The book also briefly covers the recent history of the niche segments of Swiss watchmaking, the distinguishable and fiercely independent Rolex enterprise, and the comparatively little volume Geneva lavishness brands, including Patek Philippe.
The book is easy to read, and the English translation is very well done. The writers decision to entrust the translation to a native English speaker who is primarily a watch historian rather than a professional translator was a wise one, and this reviewer principally appreciates the all to rare exercise of oftentimes adding the introductory French terminology in parentheses whenever highly industry specific specialized vocabulary is used.
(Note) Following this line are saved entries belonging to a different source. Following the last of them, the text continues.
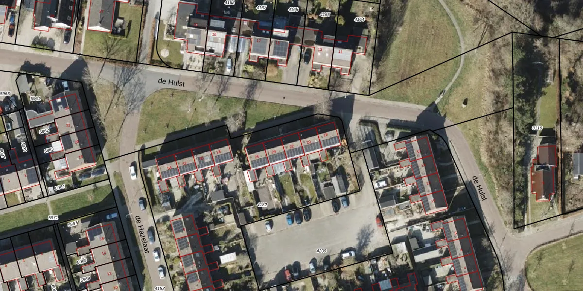 Het perceel waarop de Hulst 22 staat heeft een oppervlakte van 6975 m². Dit is een zeer groot perceel. De perceeloppervlakte wordt geregistreerd door het Kadaster. Gedetailleerde informatie over de maten van dit perceel kunt u vinden in het rapport Kadastrale kaart met maatvoering van de Hulst 22.
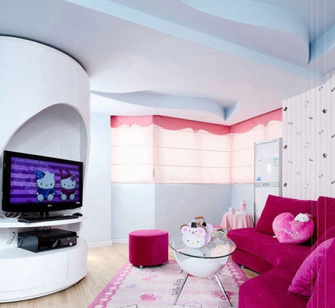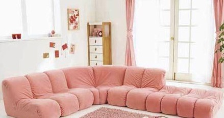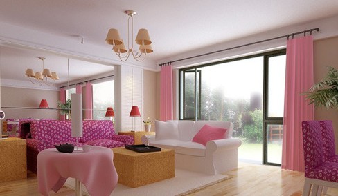 圓弧形客廳設(shè)計(jì),搶眼的粉色沙發(fā),坐在沙發(fā)看看電視,簡(jiǎn)單的浪漫生活。甜蜜的淺粉色碰上誘惑的艷粉色,配搭上白色的墻面,呈現(xiàn)出純真可愛(ài)的家居風(fēng)格。
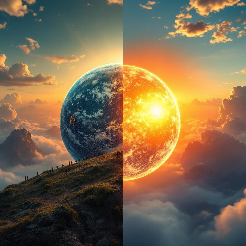 This image shows a divided Earth, one side populated with people and the other illuminated by a radiant sun. The image has a photorealistic style.
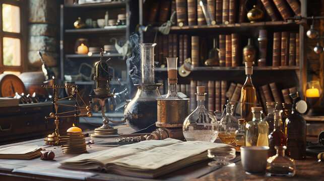 Vintage alchemist laboratory with unique scrolls and manuscripts

Many students of the history of watchmaking seem to have unconsciously chosen an arbitrary point in time when they assume "history" ends and "the present era" starts, which in some manner is less deserving of scholarly inquiry. Such thinking is of course a fallacy because the present all to soon will be history. Donzé's book deserves praise and attention for systematically documenting and analyzing a rather recent part of our horological heritage.
When reading his book this reviewer was struck with how arousing and attention holding even the most recent events are if analyzed with clear or deep perception and intellectual rigor.

To genuinely comprehend the history of horology it is necessary to not only study the horological artifacts of the past and the horologists of the past, but to also study the horological `sociatal' distinct elements of the past, such as political, economic and industrial structure, systems and practice. Let us hope that more writers will follow Donzé's path, and instruct us horological history beyond just the history of objects, or the history of endeavors and individuals.